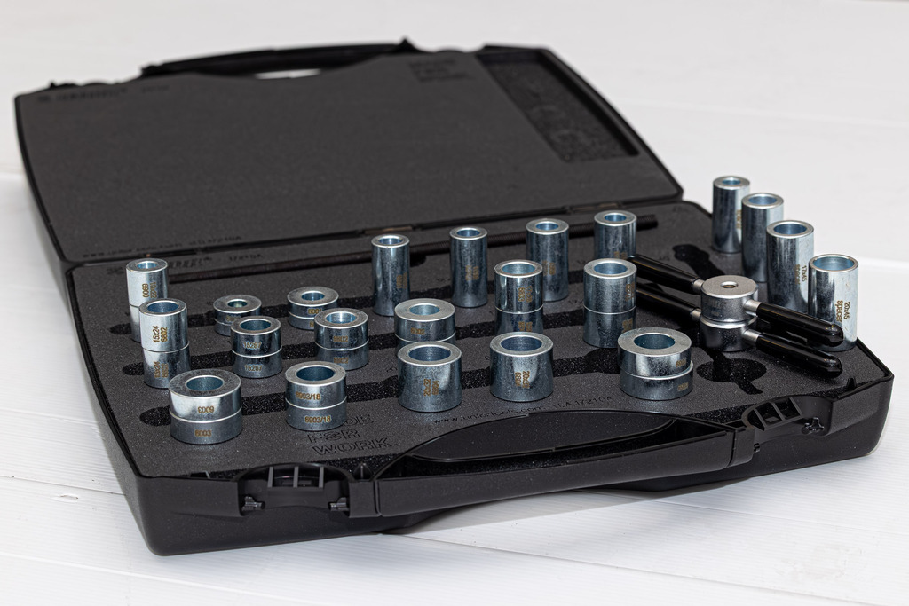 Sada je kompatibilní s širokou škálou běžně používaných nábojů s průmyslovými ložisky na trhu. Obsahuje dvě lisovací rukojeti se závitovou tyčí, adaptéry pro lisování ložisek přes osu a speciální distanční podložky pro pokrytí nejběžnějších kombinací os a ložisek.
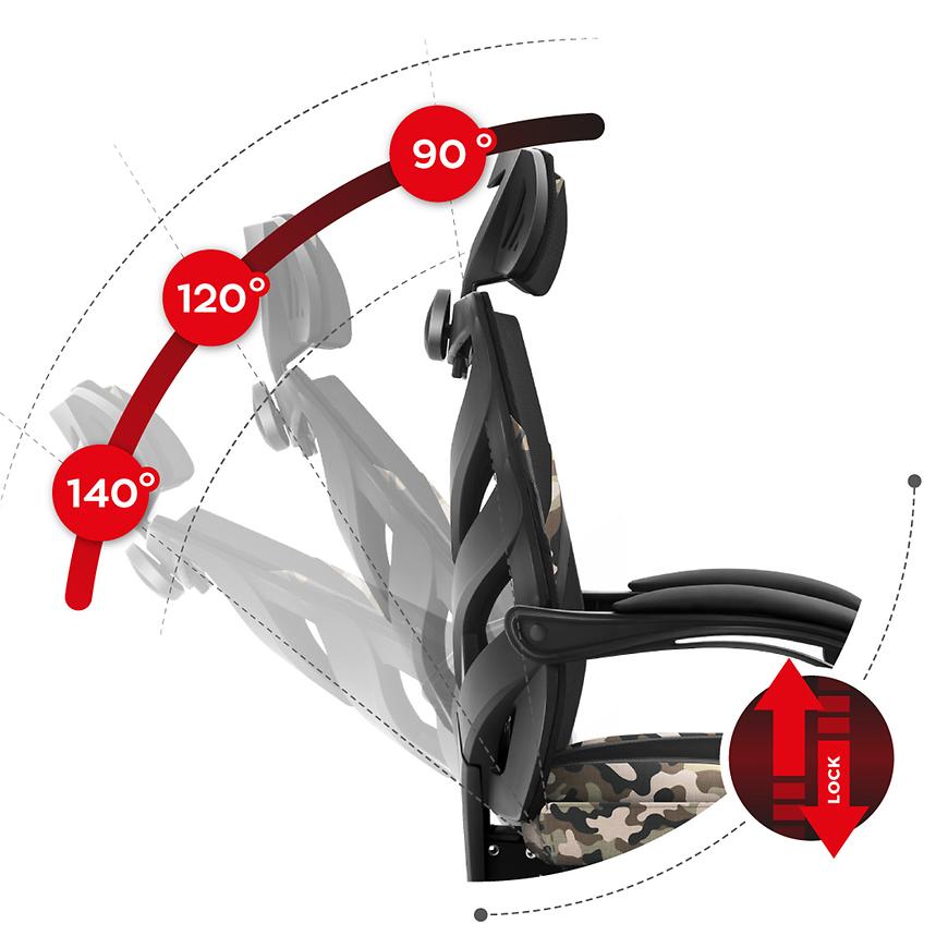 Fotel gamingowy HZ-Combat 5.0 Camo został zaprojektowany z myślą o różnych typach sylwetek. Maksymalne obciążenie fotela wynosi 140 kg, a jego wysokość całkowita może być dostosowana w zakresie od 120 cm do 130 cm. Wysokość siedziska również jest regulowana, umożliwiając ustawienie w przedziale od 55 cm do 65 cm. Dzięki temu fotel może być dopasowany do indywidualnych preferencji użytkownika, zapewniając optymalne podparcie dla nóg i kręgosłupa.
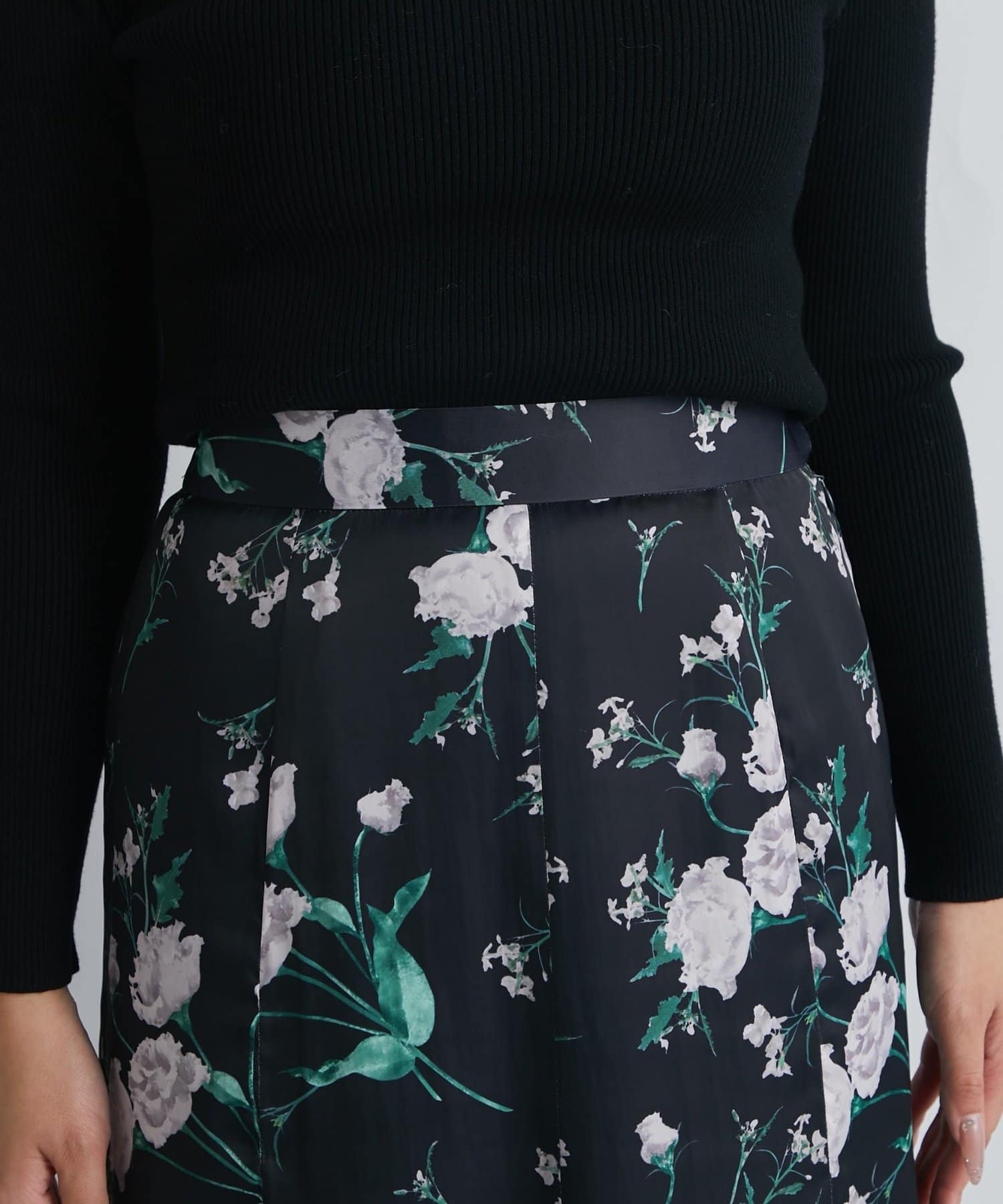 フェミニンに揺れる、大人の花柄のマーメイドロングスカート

***

Copy every line above word for word and exclude the pictures.

 Sada je kompatibilní s širokou škálou běžně používaných nábojů s průmyslovými ložisky na trhu. Obsahuje dvě lisovací rukojeti se závitovou tyčí, adaptéry pro lisování ložisek přes osu a speciální distanční podložky pro pokrytí nejběžnějších kombinací os a ložisek.
 Fotel gamingowy HZ-Combat 5.0 Camo został zaprojektowany z myślą o różnych typach sylwetek. Maksymalne obciążenie fotela wynosi 140 kg, a jego wysokość całkowita może być dostosowana w zakresie od 120 cm do 130 cm. Wysokość siedziska również jest regulowana, umożliwiając ustawienie w przedziale od 55 cm do 65 cm. Dzięki temu fotel może być dopasowany do indywidualnych preferencji użytkownika, zapewniając optymalne podparcie dla nóg i kręgosłupa.
 フェミニンに揺れる、大人の花柄のマーメイドロングスカート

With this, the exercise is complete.